Guru, Parampara, Lineage, perhaps it's all just part of the fun of our practice ( I do like the term practice and how we use it in Ashtanga as well as in Zen, Vipassana....) but how selective we are in the concepts we choose to employ and pass along, which of course is part of my point, see the update at the end of the post.
I did write this post on John Scott a while back called 'getting it'.
No, it's not that I'm not one for lineage and/or parampara but more that I struggle with the concepts, find them problematic or perhaps I'm just turned off by how they are so often employed to suggest authority, authenticity... I have authority issues clearly, class war and all that).
Note: certainly not suggesting this applies to Tim here, Tim Miller has always struck me as the most humble of teachers.
Update 2: Just come across this from Richard.

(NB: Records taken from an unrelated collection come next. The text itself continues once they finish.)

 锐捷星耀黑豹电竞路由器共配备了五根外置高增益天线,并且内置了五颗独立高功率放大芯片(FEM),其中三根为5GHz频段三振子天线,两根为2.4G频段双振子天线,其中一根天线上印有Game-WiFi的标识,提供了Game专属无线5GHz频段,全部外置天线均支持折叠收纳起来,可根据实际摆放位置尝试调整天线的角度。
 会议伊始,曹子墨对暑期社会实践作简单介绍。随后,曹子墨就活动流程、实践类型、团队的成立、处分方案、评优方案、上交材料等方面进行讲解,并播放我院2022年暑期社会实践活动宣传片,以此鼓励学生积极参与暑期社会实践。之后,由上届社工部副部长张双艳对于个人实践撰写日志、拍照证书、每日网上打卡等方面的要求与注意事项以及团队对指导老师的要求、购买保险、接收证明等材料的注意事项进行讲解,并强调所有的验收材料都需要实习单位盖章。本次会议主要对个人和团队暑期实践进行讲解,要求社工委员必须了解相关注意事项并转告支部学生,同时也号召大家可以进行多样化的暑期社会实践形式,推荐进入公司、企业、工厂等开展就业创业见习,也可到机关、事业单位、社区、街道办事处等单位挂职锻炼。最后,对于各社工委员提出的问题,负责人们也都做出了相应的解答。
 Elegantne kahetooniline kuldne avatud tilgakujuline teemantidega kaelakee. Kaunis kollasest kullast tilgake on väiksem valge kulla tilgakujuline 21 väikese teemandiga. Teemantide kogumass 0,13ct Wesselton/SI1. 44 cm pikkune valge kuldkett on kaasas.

Don't miss the last ten minutes or so where he talks about lin(e)age as showing up the line where different traditions meet
....but I love a good story me and do like the idea of how teaching spreads, (we posted on Iyengar recently talking about branches of a tree) an was it David Garrigues this week who mentioned that there were fifty or so 'senior' teachers who spent a significant period studying with Pattabhi Jois, I prefer dissemination to parampara, perhaps it amounts to the same thing.
David, in the link above, also refers to Ashtanga as Hatha Yoga, an idea I'm struggling with currently. It strikes me as problematic, take the question of kundalini in Yogayajnavalkya and in Hathayogapradipka, a blockage in Yogayajnavalkya, something to encourage rising in HYP. Krishnamacharya seems to have followed the Yogayajnavalkya model and only dipped into HYP when it suited him, usually for asana descriptions, he would write of this asana approach to an asana coming from Hatha and this from Raja yoga.... he's often critical of HYP ( see the appendix at end of post) so perhaps it's just the presentation of Hatha in those texts he takes issue with, he does mention that Hatha can have a preparatory role for Raja yoga which he seems more interested in.

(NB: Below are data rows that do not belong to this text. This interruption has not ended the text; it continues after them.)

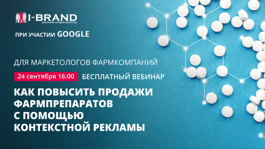 I-Brand открывает серию образовательных онлайн-встреч для участников фармрынка — Pharma Performance, в которых будет рассказывать о лучших digital-инструментах для повышения продаж фармацевтических продуктов. При участии Google digital-агентство проведет бесплатный вебинар по digital-продвижению для фармацевтической отрасли. Вебинар на тему «Как повысить продажи фармпрепаратов с помощью контекстной рекламы?» пройдет 24 сентября в 16:00.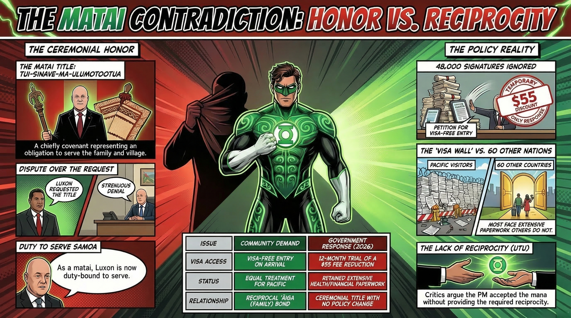 Every Pacific New Zealander, every Samoan whānau waiting months for a visa, every kaumātua who had to fill out a health form to attend their mokopuna's tangi — they now have standing to invoke Luxon's own title back at him. Tui-Sinave-ma-Ulumotootua. Whatever those words mean to the village of Apia, they now carry the weight of the 48,000 signatures that preceded them.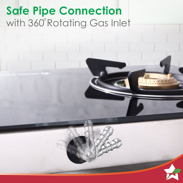 - Efficient Cooking: Highly efficient tri-pin brass burners provide fuel-saving and uniform heating, allowing you to cook faster and more efficiently. 3 burners (2 medium, 1 small) cater to different cooking needs.
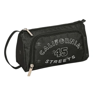Safta California Pencil Case with Folding Pocket Full, Children's Case, Child, Ideal for School Aged Children, Comfortable and Versatile, Quality Resistance, 20 x 8.5 11 cm, Black,

Yoga students in our Ashtanga tradition ( tradition is another word I take issue with, did you know it can suggest either 80 years or 8000) get encouraged to read the Yoga Sutras, Hatha Yoga Pradipka and the Gita, which then seem to get all muddled up together somehow, not surprising as they originate century's apart and were subject to revisions, bits taken out large chunks added in line with the interests of the time, no wonder there is confusion (in my own head as well as every one else), Post to come on this.
Did Pattabhi Jois take Krishnamacharya's teaching in a more Hatha direction, do his students, what does that say about parampara... although admittedly having spent time with many Hatha yoga students in Russia recently, Ashtanga strikes me as Hatha lite if at all, not necessarily a bad thing). See the update at the end of this post.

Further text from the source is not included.